Chapter Six

I enjoy convalescence. It is the part that makes the illness worth while

(G. B. Shaw, Back to Methuselah)

At 2 a.m. the inevitable occurred; but fortunately Morse managed to attract the quick attention of the nurse as she'd flitted like some Nightingale around the darkened wards. The noise of the curtains being drawn around his bed sounded to Morse loud enough to rouse the semi-dead. Yet none of his fellow-patients seemed to stir, and she – the blessed girl! – had been quite marvellous.

'I don't even know which way up the thing should go,' confided Morse.

'Which way round, you mean!' Eileen (such was her name) had whispered, as she proceeded without the slightest embarrassment to explain exactly how the well-trained patient would negotiate this particular crisis. Then, leaving him with half a roll of white toilet-paper, and the firm assurance of a second coming within the next ten minutes, she was gone.
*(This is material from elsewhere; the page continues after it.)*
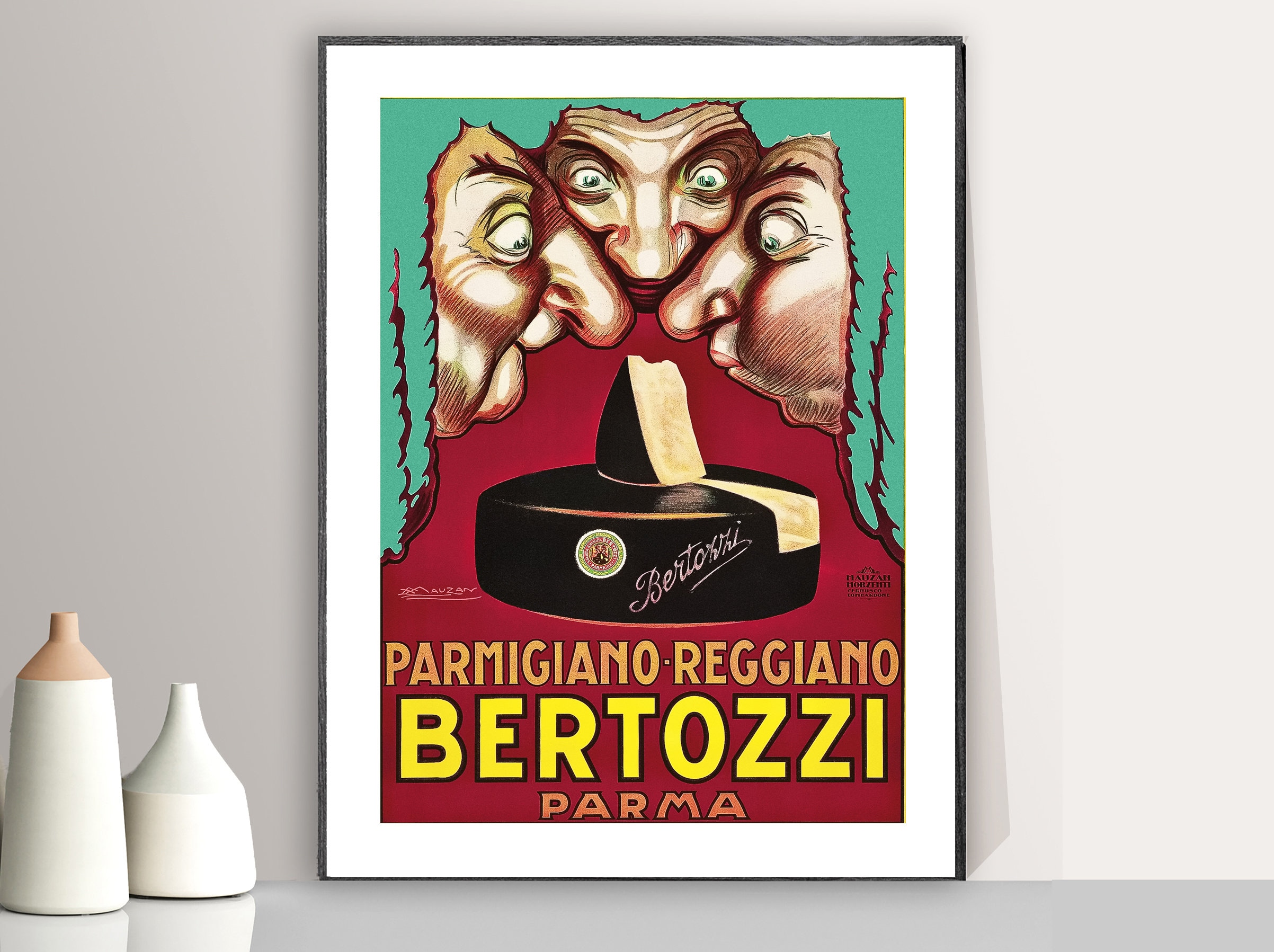 Parmigiano Reggiano Bertozzi Parma Vintage Food&Drink Poster - Poster Paper, Canvas Print / Gift Idea / Wall Decor

It was all over – consummated with a bowl of warm water and a brief squirt of some odiferous air-freshener. Whew! Not half as bad as Morse had feared – thanks to that ethereal girl; and as he smiled up gratefully at her, he thought there might have been a look in her eyes that transgressed the borders of perfunctory nursing. But Morse would always have thought there was, even if there wasn't; for he was the sort of man for whom some area of fantasy was wholly necessary, and his imagination followed the slender Eileen, as elegantly she walked away: about 5' 8' in height – quite tall really; in her mid-twenties; eyes greenish-hazel, in a delicately featured, high- cheekboned face; no ring of any on either hand. She looked so good, so wholesome, in her white uniform with its dark-blue trimmings.

Go to sleep, Morse!

At 7.30 a.m., after breakfasting on a single wafer of weetabix with an inadequate pour-over of semi-skimmed and no sugar), Morse noted with great satisfaction he NIL BY MOUTH embargo was now in abeyance, he poured himself a glass of water with the joy of a liberated hostage. There followed for him, that morning, standard readings of pulse-rate and blood-pressure, a bedside wash in a portable basin, the remaking of his bed, provision of a fresh jug of water (!), a flirting confab with Fiona, the purchase of The Times, a cup of Bovril from the gorgeous Violet, and (blessedly) not a single spoke stuck in the hospital machinery from the eminence grise installed at the seat of power.

At 10.50 a.m. a white-coated cohort of consultant-cum-underlings came to stand around his bed, and to consider the progress of its incumbent. The senior man, briefly looking through Morse's file, eyed the patient with a somewhat jaundiced eye.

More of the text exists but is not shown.